Mengapa mobil Alya diparkir di sana? Apakah dia tidak bertugas dan akan pergi lagi setelah ini?


Rendy sudah bersiap untuk turun dan akan menghampiri Alya. Dia selalu menunggu dokter berhijab anggun itu datang untuk diajaknya memasuki gedung rumah sakit bersama-sama, hingga mereka sampai di ruang pemeriksaan.

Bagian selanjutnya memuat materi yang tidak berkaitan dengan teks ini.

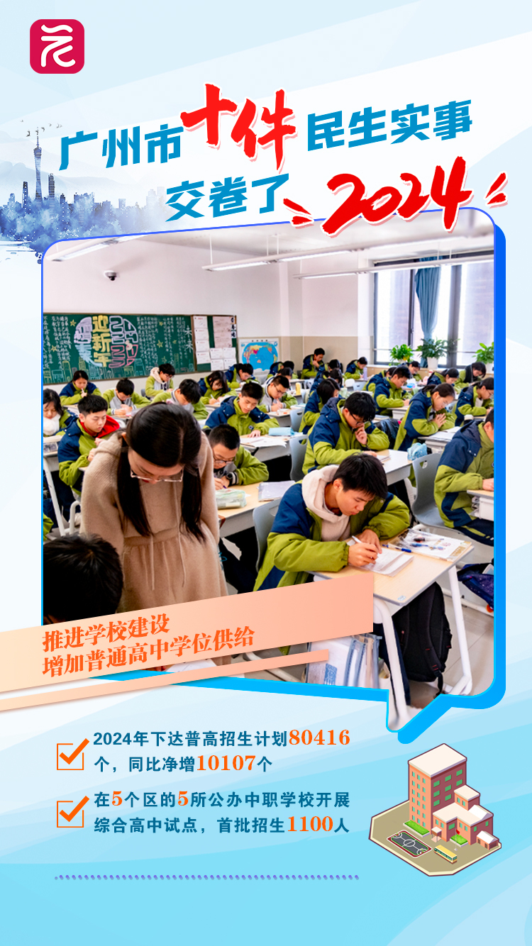 2024年,广州市下达普高招生计划80416个,同比净增10107个;在5个区的5所公办中职学校开展综合高中试点,首批招生1100人。2025年,广州力争再新增普通高中学位1万个。

Seketika niatnya urung dilakukan dan tetap duduk di tempatnya, saat dia melihat Ardi turun dari pintu kemudi dan bergegas menuju ke pintu sebelah kiri. Dengan penuh perhatian dan sikap melindungi, lelaki itu menyambut Alya turun dari mobil dengan menggendong Aura dalam dekapannya.


Ternyata kamu sudah ditemani lagi oleh dia. Pasti kamu sangat bahagia saat ini. Walaupun itu yang aku harapkan, tapi tetap saja aku merasakan sakit di hatiku.


Setelah Ardi mengunci pintu mobil, lelaki itu menjajari langkah Alya dan berjalan bersama memasuki lobi. Rendy menghela nafas kasar dan mulai menenangkan hatinya yang masih terasa bergemuruh.


Kalian sudah seperti keluarga kecil yang sangat bahagia. Di satu sisi aku bahagia karena melihat bahagiamu, tapi di sisi lain aku sedih karena akan kehilanganmu dari hari-hariku.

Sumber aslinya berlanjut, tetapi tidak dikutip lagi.